▶ **WHAT NEEDS TO BE DONE**
An exact, picture-free copy of the listing is required.

▶ **INFORMATION PROVIDED**
§ §

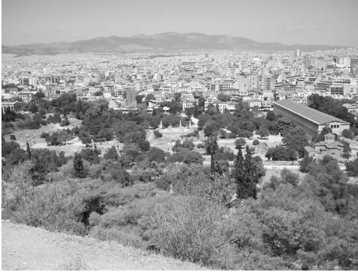
Fig. 14. Vista panorámica del ágora antigua de Atenas.
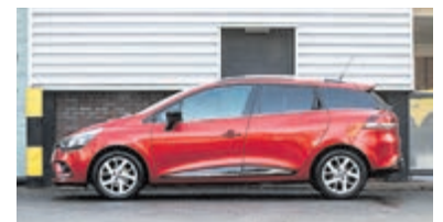
Renault Clio Estate 1.2 TCe Zen. € 15.950,-
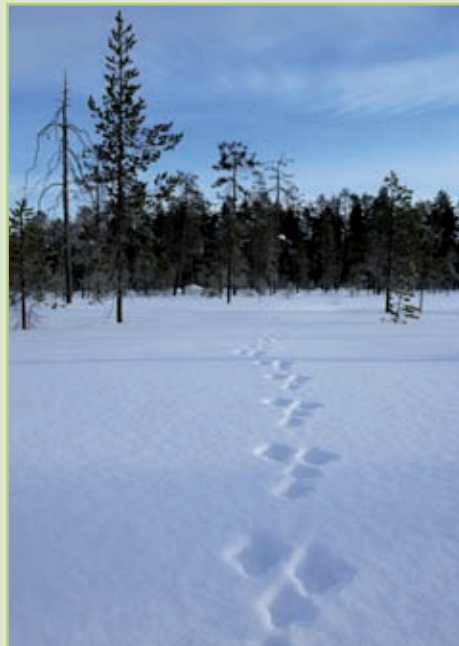
Traces de lièvre variable
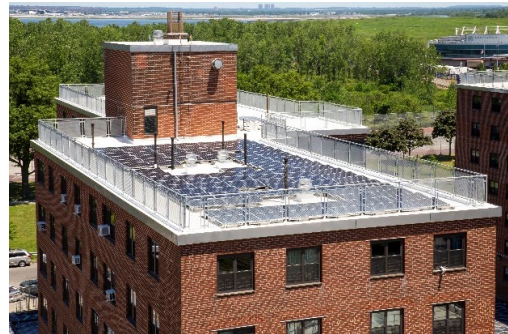
Отремонтирована крыша и система солнечных батарей в Ocean Bay (Bayside)

§ §

▶ **REPLY**
Fig. 14. Vista panorámica del ágora antigua de Atenas.
Renault Clio Estate 1.2 TCe Zen. € 15.950,-
Traces de lièvre variable
Отремонтирована крыша и система солнечных батарей в Ocean Bay (Bayside)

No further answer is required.